**Your goal**
Reproduce every record below word for word and include no pictures.

[Collected data entries]
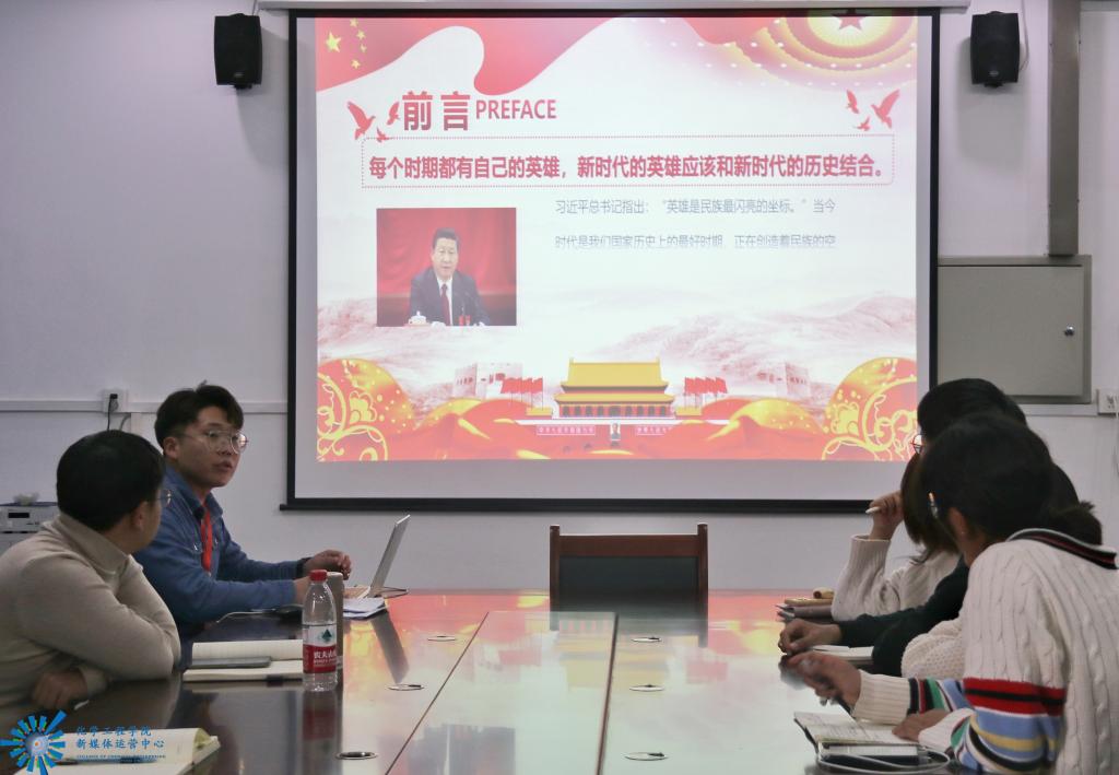 首先由沙斌馆长展开以“信仰的力量—他们在悬崖之上”为主题的宣讲,该宣讲以电影《悬崖之上》为引,讲述了刘伯坚、陈延年、陈乔年等早期革命先驱的伟大事迹,展现了早期革命先辈的崇高理想和伟大的牺牲精神,同时告诫大家珍惜无数革命先烈用生命换来的今天的幸福生活,怀爱国之心,立报国之志。随后赵欣颖老师以“伟大抗疫精神与共产党人的初心使命”为主题进行宣讲,赵老师以抗击疫情为主线,通过习近平总书记在抗疫表彰会上的讲话,对我党的初心与使命加以深刻解读。之后大学生宣讲团的三名同学进行宣讲,基础科学学院高鑫同学讲述了钱学森的求学归国及归国后投身导弹研究的伟大爱国行为;教育与艺术学院高文慧同学以党的早期领导人李大钊先生为主要人物进行宣讲;化学工程学院师鑫义同学讲述了感动中国十大人物对祖国和人民做出的贡献。
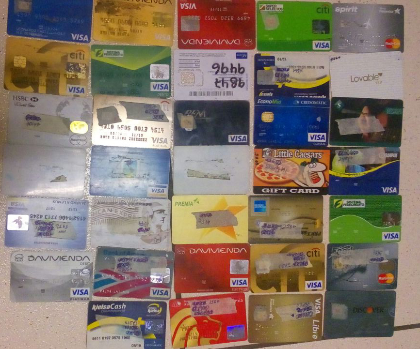 La acusada fue detenida el pasado lunes en un centro comercial al poniente de Santa Tecla. Al momento de su detención se le incautó vehículo marca BMW, año 2007, color negro, un celular, $ 6,798.00 y 2, 279.00 lempiras,  33 tarjetas de crédito incluido de débito de diferentes bancos nacionales y extranjeros, 48 baucher, y documentos personales hondureños y  tres libretas de ahorro, el monto total de los incautado y las transacciones registradas suman 11, 214,70 dólares.
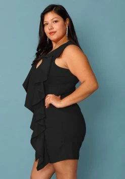 Plus Size V-Neck Ruffle Front Sleeveless Romper
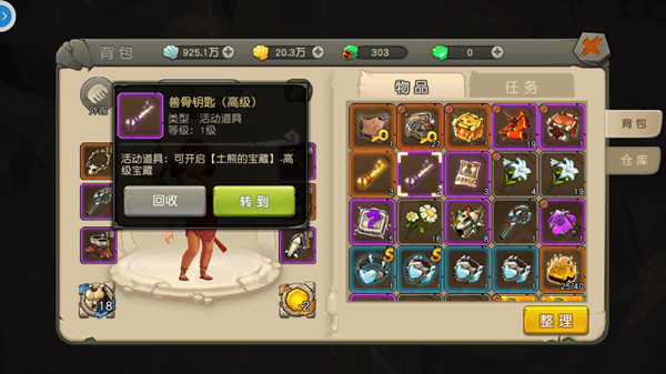 成功击败土熊后,可根据难度开启对应宝藏——中级、高级或超级宝藏。开启中级宝藏无需道具;高级宝藏需消耗高级兽骨钥匙;超级宝藏则需超级兽骨钥匙。钥匙可通过日常活动或任务获取。
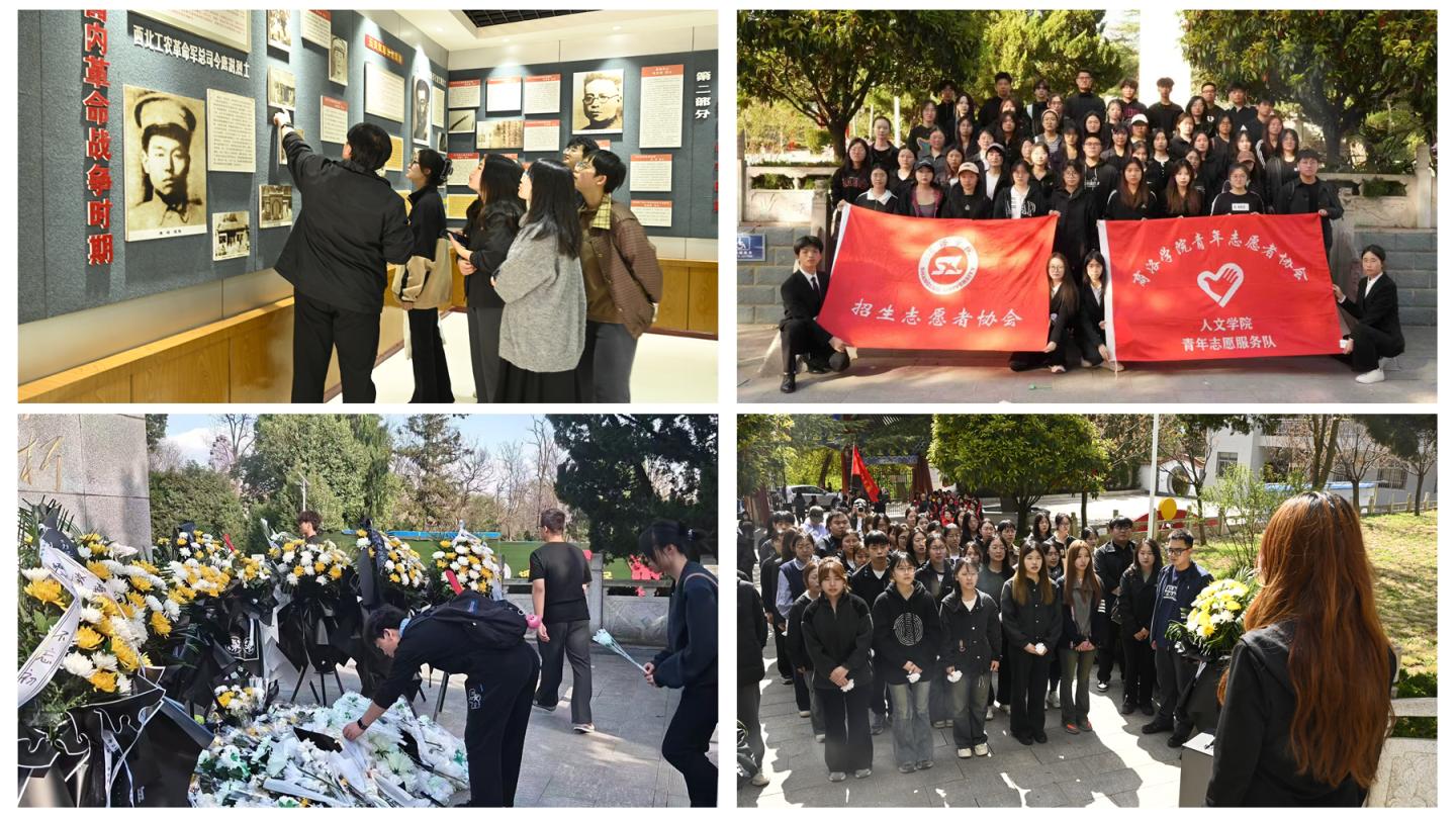 数计学院以“缅怀先辈铭初心 砥砺前行担使命”为主题,开展宣誓、献花、参观纪念馆及瞻仰墓碑等活动。生物学院、经管学院学生党员、团员及团学干部代表通过“行走的思政课”表达传承先烈遗志、勇担时代使命的坚定决心。人文学院联合校招生志愿者协会,60余名学生通过讲述英雄故事,让红色基因融入血脉。艺术学院师生代表结合专业特色提出“勇担艺者使命”,续写时代华章的铮铮誓言。
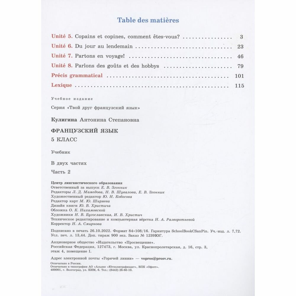 Сервис сравнения цен СкидкаГИД предлагает сравнить цены на товар «Книга: Французский язык. 5 класс. Учебник. В 2-х частях (Кулигина Антонина Степановна); Просвещение, 2023»

**Task solution**
 首先由沙斌馆长展开以“信仰的力量—他们在悬崖之上”为主题的宣讲,该宣讲以电影《悬崖之上》为引,讲述了刘伯坚、陈延年、陈乔年等早期革命先驱的伟大事迹,展现了早期革命先辈的崇高理想和伟大的牺牲精神,同时告诫大家珍惜无数革命先烈用生命换来的今天的幸福生活,怀爱国之心,立报国之志。随后赵欣颖老师以“伟大抗疫精神与共产党人的初心使命”为主题进行宣讲,赵老师以抗击疫情为主线,通过习近平总书记在抗疫表彰会上的讲话,对我党的初心与使命加以深刻解读。之后大学生宣讲团的三名同学进行宣讲,基础科学学院高鑫同学讲述了钱学森的求学归国及归国后投身导弹研究的伟大爱国行为;教育与艺术学院高文慧同学以党的早期领导人李大钊先生为主要人物进行宣讲;化学工程学院师鑫义同学讲述了感动中国十大人物对祖国和人民做出的贡献。
 La acusada fue detenida el pasado lunes en un centro comercial al poniente de Santa Tecla. Al momento de su detención se le incautó vehículo marca BMW, año 2007, color negro, un celular, $ 6,798.00 y 2, 279.00 lempiras,  33 tarjetas de crédito incluido de débito de diferentes bancos nacionales y extranjeros, 48 baucher, y documentos personales hondureños y  tres libretas de ahorro, el monto total de los incautado y las transacciones registradas suman 11, 214,70 dólares.
 Plus Size V-Neck Ruffle Front Sleeveless Romper
 成功击败土熊后,可根据难度开启对应宝藏——中级、高级或超级宝藏。开启中级宝藏无需道具;高级宝藏需消耗高级兽骨钥匙;超级宝藏则需超级兽骨钥匙。钥匙可通过日常活动或任务获取。
 数计学院以“缅怀先辈铭初心 砥砺前行担使命”为主题,开展宣誓、献花、参观纪念馆及瞻仰墓碑等活动。生物学院、经管学院学生党员、团员及团学干部代表通过“行走的思政课”表达传承先烈遗志、勇担时代使命的坚定决心。人文学院联合校招生志愿者协会,60余名学生通过讲述英雄故事,让红色基因融入血脉。艺术学院师生代表结合专业特色提出“勇担艺者使命”,续写时代华章的铮铮誓言。
 Сервис сравнения цен СкидкаГИД предлагает сравнить цены на товар «Книга: Французский язык. 5 класс. Учебник. В 2-х частях (Кулигина Антонина Степановна); Просвещение, 2023»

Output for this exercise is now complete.